Tuesday, February 01, 2005
Semantic
extraction over sets of concepts, using InOrb technology
2/2/2005 9:34 PM
last edit
Version 1.2
Parts I – III of the Adi structural ontology.
Center of Excellence, proposal
New Tutorial on Orb technology à
Orb Data Relationship Toolkit (Orb-DRT):
Users Manual
InOrb Technologies
Nathan Einwechter
Introduction
The Orb Data Relationship Toolkit (Orb-DRT) is designed to be a test bed for using the Orb technology for delimited data of various types. We are considering cyber data, scientific instrumentation data and free form text data. The main functionality of the software is to allow the user to create very defined Orbs and export them into SLIP format for visualization and categorization.

The control screen for the Orb-DRT (download)
Creating a New Project
To create a new project, simply click File > New.
Once the-create-new-project dialogue comes up, you may enter a project name and the author’s name. You may now select whether you want to process a single file, or multiple files. Click the radio button beside the appropriate option to select it, and then press Select to specify which file/directory you wish to include in the project.
Any files specified here are placed into the “Projects/project name/Text” directory of the Orb DRT folder. Files can be added later by simply copying or moving the files you wish to include into this directory.
Once you have specified the file or directory you wish to process, the program will provide a two line sample of the data. You may specify how the data is delimited at this point, and the elements list will propagate itself. You may also rename any of the column names, and use the check box to specify whether you want the first line to be processed or not, which is useful if the first line of the files are column titles.
You can then click on “Done” to finalize the column definition options, and “Create” to initialize the project.
Element Tags
In order to tell the difference between different elements with the same value, a tagging system has been developed within the Orb-DRT.
To assign a tag to a specific Element, simply select it from the Elements list, then type in the tag to associate with it, and click apply. The process is the same to modify and view a tag for an element. Simply click on it, view/change the text in the Tag text box and click apply if you made any changes.
It is important to note at this point, that any elements that may have similar values must have a tag associated with them; otherwise the values will merge between elements as the system relies on this tag to differentiate between the various values original elements.
<We need an example here with screen shots.>
Rules Processing
In this initial version of the Orb DRT, the Rules processing has been put on the back-burner. Down the road; however, the took kit will allow certain values and rows to be eliminated from Orb processing transforms based on simple rules defined by the user through a rule wizard.
< We need, Definition of an Orb processing transform: The formalism I have in mind is not completely thought through. >
Centers and Relationships
The Orb DRT is flexible in the way it allows the user to define Orb relationships. There are two types of definition processes, the measurement process and the convolution, or process transform.

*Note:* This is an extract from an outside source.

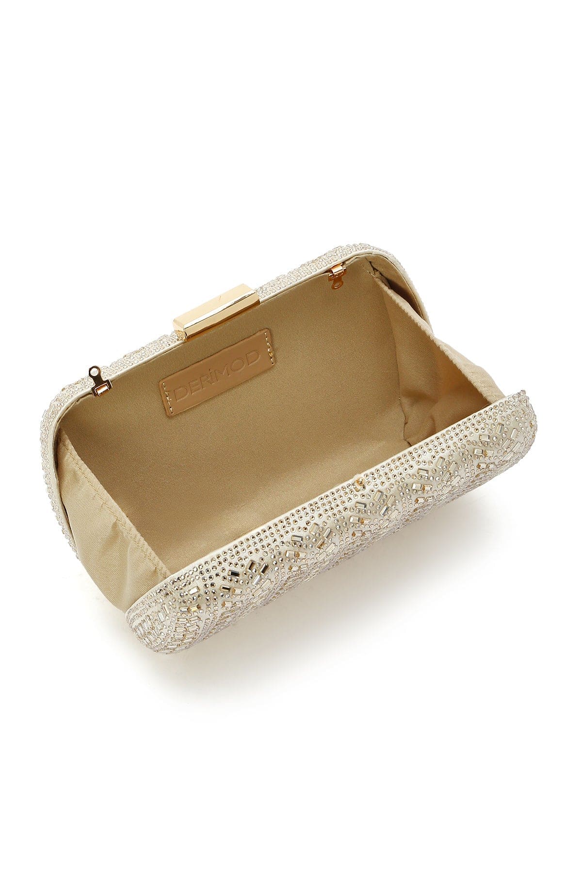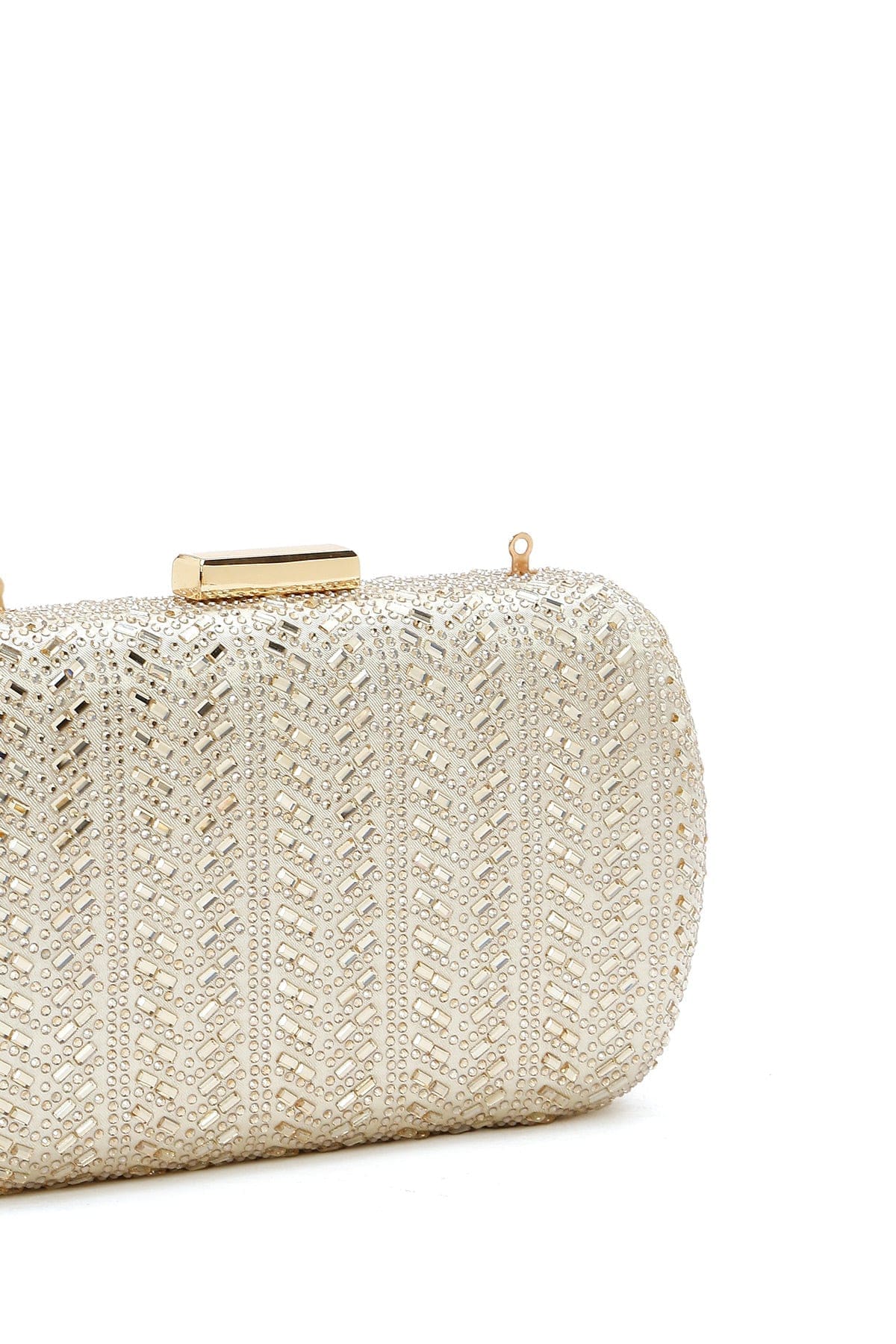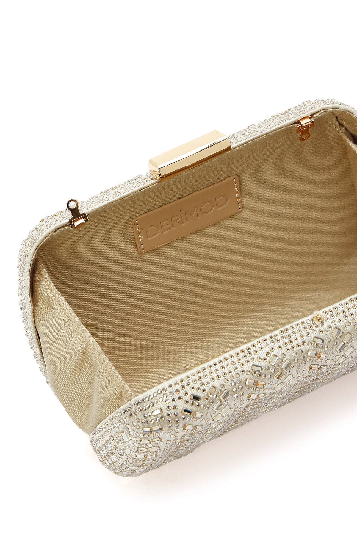 Kadın Altın Taşlı Abiye Mini Kutu Çanta

The measurement can be from
Readware, or
InOrb word level n-gram analysis,
with other methods soon to come.
Orbs generalize from a tree structure (using the CCM patents – 1992-1994) derived from the “word level n-gram”, used in NdCore technology, to the notion of a center and elements in a neighborhood (all elements of an n-gram window have the same initial “distance” from the center.)

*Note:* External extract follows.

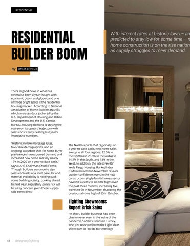 “In short, builder business has been phenomenal even in the wake of the pandemic,” admits Donovan Turney, who just relocated from the Light Ideas showroom in Florida to Hermitage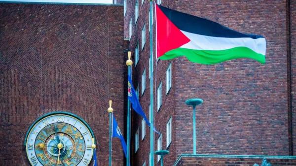 رفع العلم الفلسطيني أمام مقر بلدية أوسلو

In fact the notion of distance is weaken in the deeper theory where only set membership and category theory is present {1} {2}. The use of convolution is based on the notion that a process touches each element of a set. When touched, the element may trigger something, or some subsetting function may occur.

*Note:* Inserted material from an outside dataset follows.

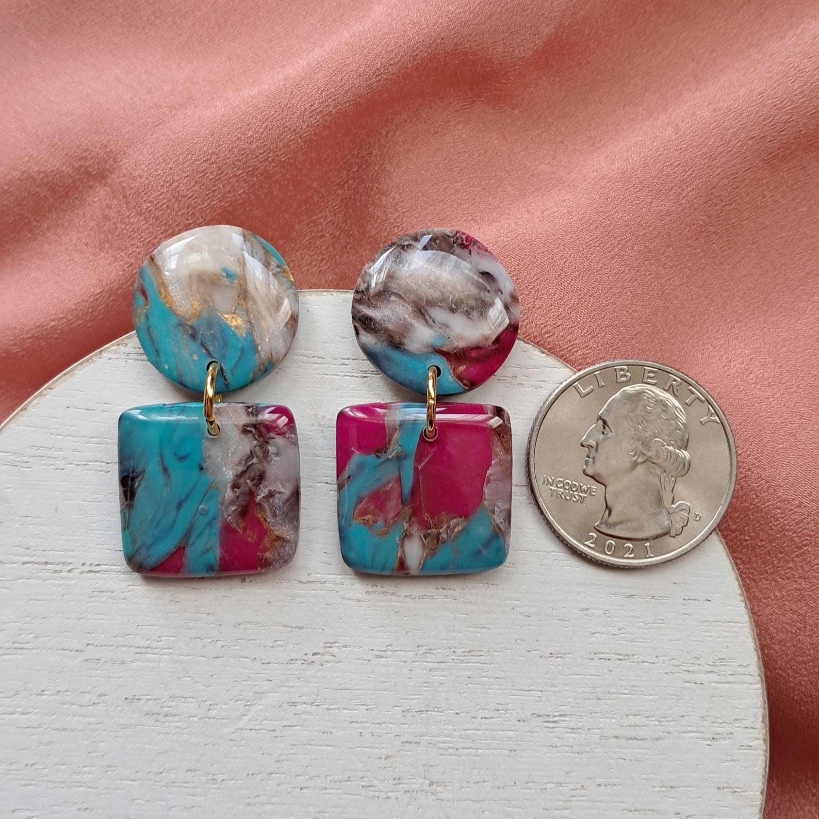 These are FAUX Turquoise Earrings made from polymer clay and resin. Not real stones. Polymer Clay is much lighter than real gemstones and metal.

Centers are those elements that one builds relationships with by gathered to the center those measured structures (patterns or atoms). This process stands up event or concept indicators and thus can be reified as a set of RDF triples, RDF statements, and equipped with some inference mechanisms (OWL). Or one can reify the indicators as elements of a formative topic map.
Using the measurement process definition one may define many centers.
To define a center, simply select “it” from the drop-down list then click on the “Add” button. To remove them, simply select the element you wish to remove from the center list and click on the remove button.
<we need
screen shots here. The “it” is a cA,
not an instance of a pattern, atom or word phrase.>
You will notice that the center list is displayed as a checklist.
If you are not using the Second Level Orb option, as discussed in Encoding Types and Second Level Orb, than you can simply ignore the checkmark portion of this list, as it is irrelevant.
When you are using this option, however, the checklist allows the user to define which center elements are “keys”. These keys are the elements that are ultimately the only ones within the encoded Orb. More details about their function are discussed in the next section.
For each center, you must define the elements that you wish to have related to the center. To do this, highlight the center of interest from the center list. Once this occurs, the two lists beside it (Available Elements and Related Elements) will propagate to show the current elements that are available to be related and those which are already related to the center.
To add a relation, simply highlight the element you want to relate to the center, and click the “>” button.
To add all elements, simply press the “>>” button. To remove a single relationship, simply highlight the element you wish to remove and click the “<” button. To clear the relationship for the highlighted center, simply click the “<<” button.
Encoding Types and Second Level Orb
Currently, the Orb DRTK software allows two different encoding types and an plus an extra encoding aggregation method.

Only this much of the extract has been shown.